Open OIDF-automation opened 2 years ago
good call-out. I think what was originally meant was sub_jwk
is a JWK without x5c
, x5u
, x5t
parameters. However, I don’t see the reason not to allow X.509 certificate values if the issuer/wallet is able to manage a cert per user. I am inclined to define sub_jwk
in SIOP as a JWK. or replace it with RFC7800 cnf
(Issue #1540)
Thanks for the clarification! If there’s no imperative to have a “bare” JWK, then my suggestion is to simply remove that qualifier from the definition.
(whether it stays sub_jwk
or becomes a cnf.jwk
or JWT jwk
header)
I am not sure what would be a use case for the user to use X.509 to sign a self-Issued ID Token.

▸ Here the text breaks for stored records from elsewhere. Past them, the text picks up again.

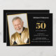 Simple Custom Photo Black Gold 50th Birthday Party Invitation
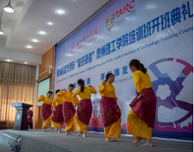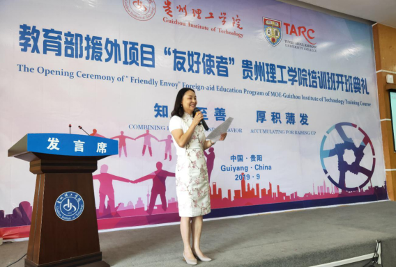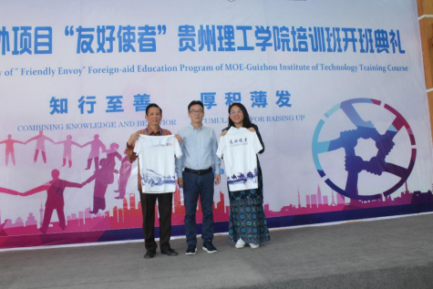 典礼上,贵州理工学院党委副书记高勇为拉曼大学学院教师赠送“友好使者”培训服装,国际交流与合作处处长乔靖介绍了教育部援外项目,老师们为“友好使者”培训班学员代表佩戴了校徽。
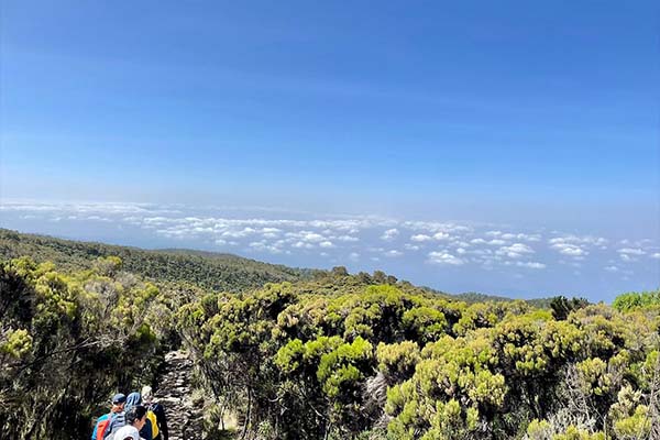 You leave the glades of the rain-forest and follow an ascending path on the open moorlands to the Horombo encampment. Views of Mawenzi and the summit of Kibo are amazing. Look for giant lobelias and grounsels. You may begin to feel the affects of the altitude.
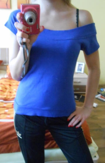 0Nabízím tmavě modré tričko s lodičkovým výstřihem, může být nošeno i normálně nebo se spadlým ramenem. Tričko je ve skvělém stavu, žádné známky nošení. Barva odpovídá druhé fotce.
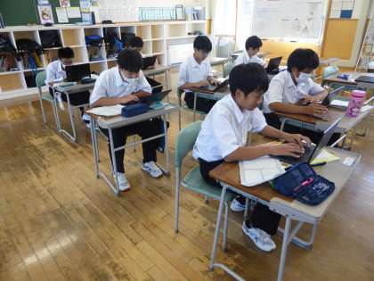 1年生は、英語で「自己紹介ポスターをかこう」という内容の授業でした。
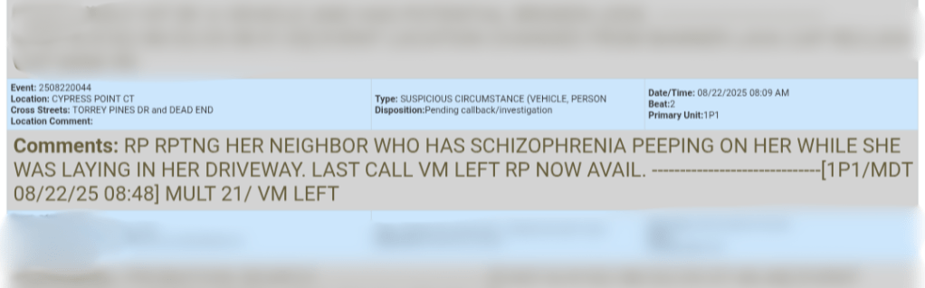 A woman reported her neighbor—who has schizophrenia—was peeping on her while she was laying in her driveway.
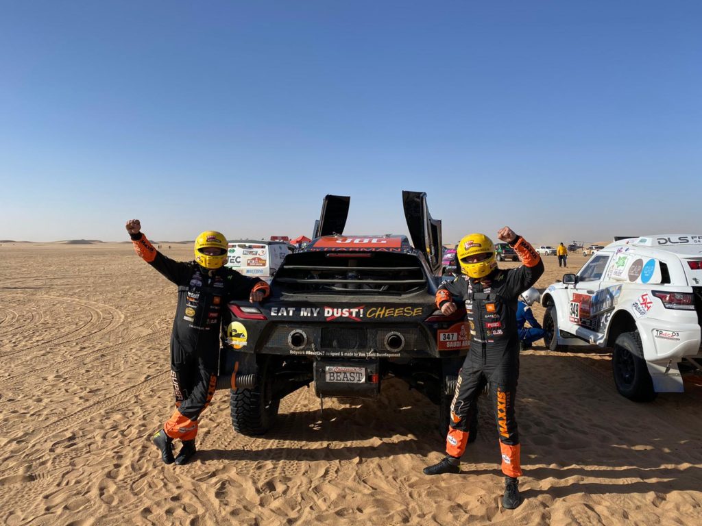 As usual, Tim was behind the wheel of The Beast 3.0 and he explains what happened: “There was a stone of one metre by one metre that suddenly got in our way. We hit it quite hard, so the entire lower right rear section was gone. Fortunately, we were able to continue after some repair work. The car wasn’t really going straight, we were really driving like a crab, but after a while, we simply started pushing again and we managed to bring it home. Too bad about that rock, because apart from that, it went really well. This was one of those old-fashioned stages worthy of the Dakar Rally.”
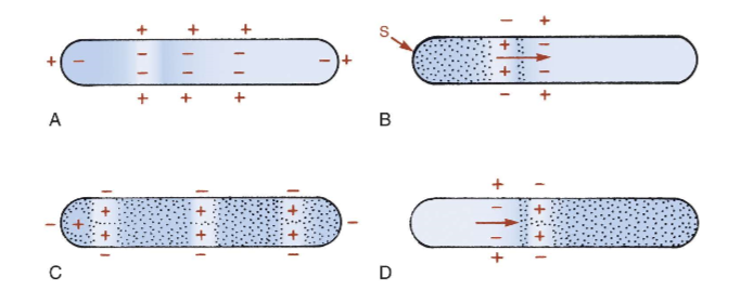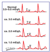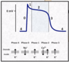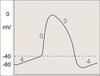 Once this action peaks, K+ is released from the cells driving the cell back to its resting state (-90 mV cardiac myocytes, -60 mV nodal cells)

Imported from AB/Connect bitbucket: https://bitbucket.org/openid/connect/issues/1543
Original Reporter: vdzhuvinov
The current
sub_jwk
spec says it MUST be a “bare” key in JWK format.https://openid.net/specs/openid-connect-self-issued-v2-1_0-06.html#name-self-issued-id-token
I was wondering about what that means in practice. I’m also unsure how to interpret the “not an X.509 certificate value”. Is this to mean a JWK with only the mandatory"kty" and those params that define the public key material? Are SIOP and RP expected to check the key for certain things to make sure it conforms with this definition of “bare”?